Tim's advice
Meeting with Tim at his BOE office.
He starts telling me about the procedural stuff on the job market process: where to apply, how to post references, booking a hotel room in Chicago (where preliminary interviews are going to be held) NOW, etc.
I ask him why he thinks my paper is good enough to be on the job market. I don't think so because findings in my paper are not convincing enough. I cannot rule out the possibility that infant mortality drops before democratization.
But Tim says, "What the market looks for is a person who investigates an issue intelligently. You don't need a news-headline result." Then he cites two examples. One is his own work on property rights in Ghana. This paper is celebrated not because of his result (he couldn't find a positive effect of property rights on investment in the end), but due to the fact that he thinks hard about how property rights affect investment and provides a framework to analyze it (so that other researchers can use it). Another example is Angus Deaton's work on estimating demand functions. It ends up finding that the linear demand function does not work with data. But his work is well-respected because of his invention of how to estimate demand functions.
This is something all the PhD students should know.
He advises me to get the job market paper ready by 15th-20th November. The formal package of application isn't very important. For example, some top school does not open it.
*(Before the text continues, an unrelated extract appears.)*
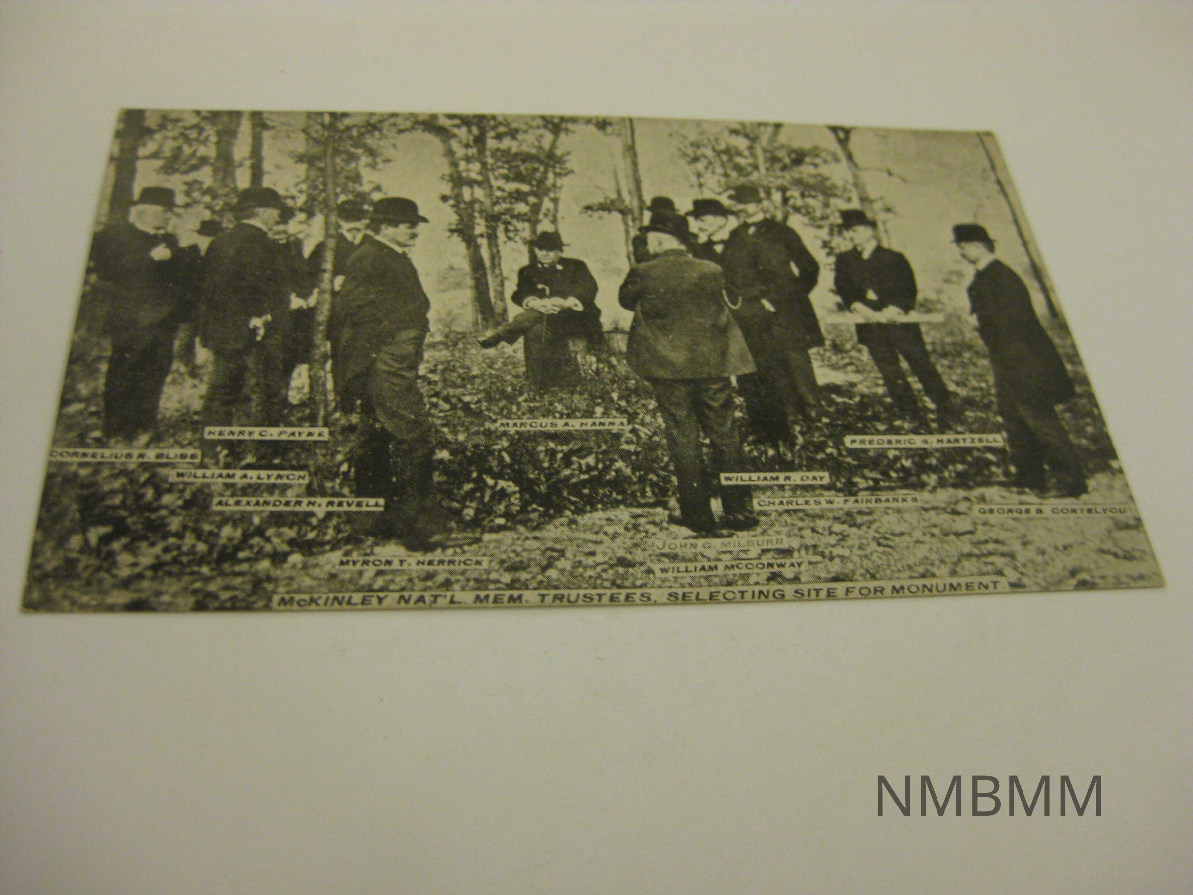 This item is a black and white postcard with an image of the McKinley Nat'l. Mem. Trustees, Selecting Site For Monument. Names are written under each man. Back side: C.G. Deuble, Canton, Ohio. Required a one cent stamp to mail.

They contact job placement officers at each school and ask for sending the job application packet of the candidates they are interested in. This will happen after Thanksgiving (Last Thursday of November).
In terms of where to apply, he says, "A good place to be an assistant professor is those with lots of other junior faculty members with similar interest. So you can collaborate with them. Senior professors are important in terms of giving good advice. But nothing more than that."
The final piece of advice: try to book a seminar presentation with different audience (ie. outside LSE).